Gli scritti sacri contenuti nella Bibbia, in particolare quelli che compongono il Nuovo Testamento, raramente possiedono un linguaggio ricercato o difficile da comprendere. Invece, solitamente sono molto sintetici e parchi di dettagli, lasciando il lettore curioso di conoscere nel vivo i fatti ivi narrati.

Oltretutto il Vangelo mantiene nell'oscurità e nel silenzio molti passaggi della vita dell'Uomo-Dio, costringendoci a ricostruirli sulla base di dati storici, antiche tradizioni, rivelazioni private o deduzioni logiche basate su ciò che già conosciamo.

È il caso di tutto ciò che si riferisce all'infanzia di Gesù Bambino e, più in particolare, alla fuga in Egitto, episodio sul quale cercheremo di fare un po' di luce in queste righe, partendo da una breve panoramica degli eventi che l'hanno preceduta.

Erode fu colto da insicurezza e timore

Otto giorni dopo la nascita del Divino Infante, secondo la Legge di Mosè, ebbe luogo la cerimonia della circoncisione, mentre la Sacra Famiglia era ancora nella Grotta di Betlemme.1

Fuga para o Egito1.jpg

L’Egitto era una regione lontana su cui Erode non aveva alcun potere.
Lì il Bambino-Dio sarebbe stato in salvo dai suoi persecutori

Qualche tempo dopo, trascorso il periodo della purificazione che ogni madre era obbligata ad osservare, la Sacra Famiglia partì per Gerusalemme. Lì Gesù fu presentato dai suoi genitori nel Tempio, dando occasione alla profezia di Simeone: Questo

Bambino "è qui per la rovina e la risurrezione di molti in Israele, segno di contraddizione perché siano svelati i pensieri di molti cuori. E anche a te una spada trafiggerà l'anima" (Lc 2, 34-35).

Non appena si seppe il fatto, cominciò a diffondersi rapidamente tra la gente la notizia che il Messia lungamente atteso era già tra di loro. E l'apparizione dei Magi dall'Oriente che cercavano il Re appena nato per adorarlo (cfr. Mt 2,2), non fece altro che confermare la recente notizia...

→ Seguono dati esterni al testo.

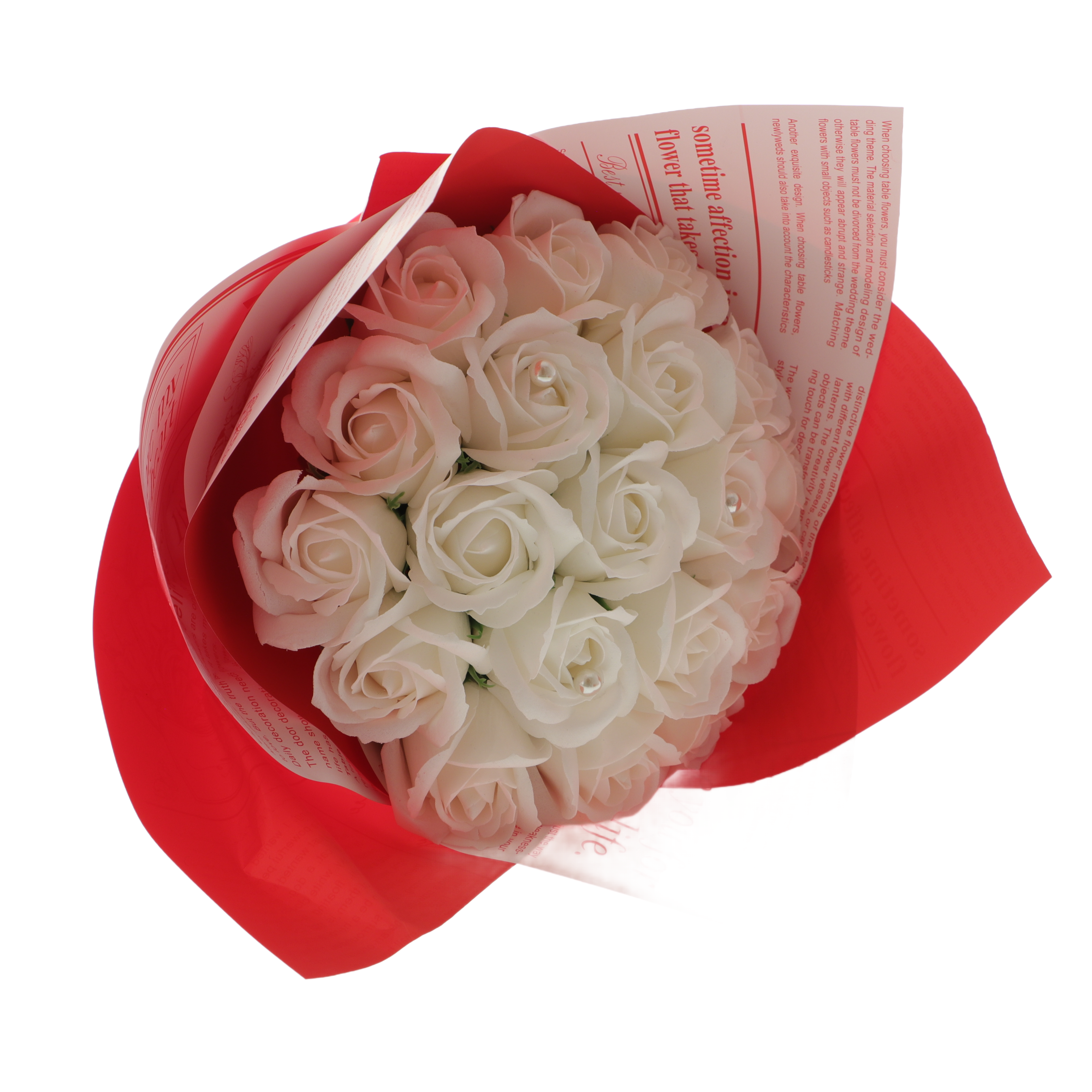 un buchet elegant din 19 trandafiri albi realizați din săpun, cu aspect rafinat și durabil

Tutto questo fermento mise in agitazione Erode. Volle allora conoscere il tempo e il luogo dove, secondo i profeti, sarebbe nato il Re dei Giudei, e vedendo che tutte le indagini sembravano corrispondere a quanto accadeva in quei giorni, il re malvagio fu preso da insicurezza e timore. Temendo di perdere il trono, ordinò che i bambini sotto i due anni venissero uccisi in tutta la Giudea.

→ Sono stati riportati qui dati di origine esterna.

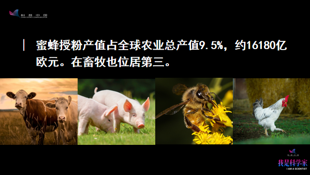 這是歐洲的畜牧業(ye) 的結構——牛排第一,豬是第二,蜂是第三,雞是第四。然而在我們(men) 國家,蜜蜂排不上號,因為(wei) 我們(men) 政府隻統計生產(chan) 蜂蜜的直接貢獻,把蜜蜂授粉這一大於(yu) 蜂產(chan) 品本身價(jia) 值100倍以上的產(chan) 值沒有考慮。所以愛因斯坦說當蜜蜂從(cong) 地球上消失的時候,人類最多隻能生存4年,為(wei) 什麽(me) ?因為(wei) 沒有蜜蜂,就沒有授粉,繼而沒有可食的植物和動物,也就沒有人類。

Sollecitudine di Maria e Giuseppe alla voce dell'Angelo

In questo momento degli avvenimenti, la Sacra Famiglia era già partita da Gerusalemme, perché "Quando ebbero tutto compiuto secondo la legge del Signore, fecero ritorno in Galilea, alla loro città di Nazareth" (Lc 2, 39). Fu, pertanto, nella Santa Casa di Nazareth, oggi venerata a Loreto, che "un Angelo del Signore apparve in sogno a Giuseppe e gli disse: ‘Alzati, prendi con te il bambino e sua madre e fuggi in Egitto, e resta là finché non ti avvertirò, perché Erode sta cercando il bambino per ucciderlo'" (Mt 2, 13).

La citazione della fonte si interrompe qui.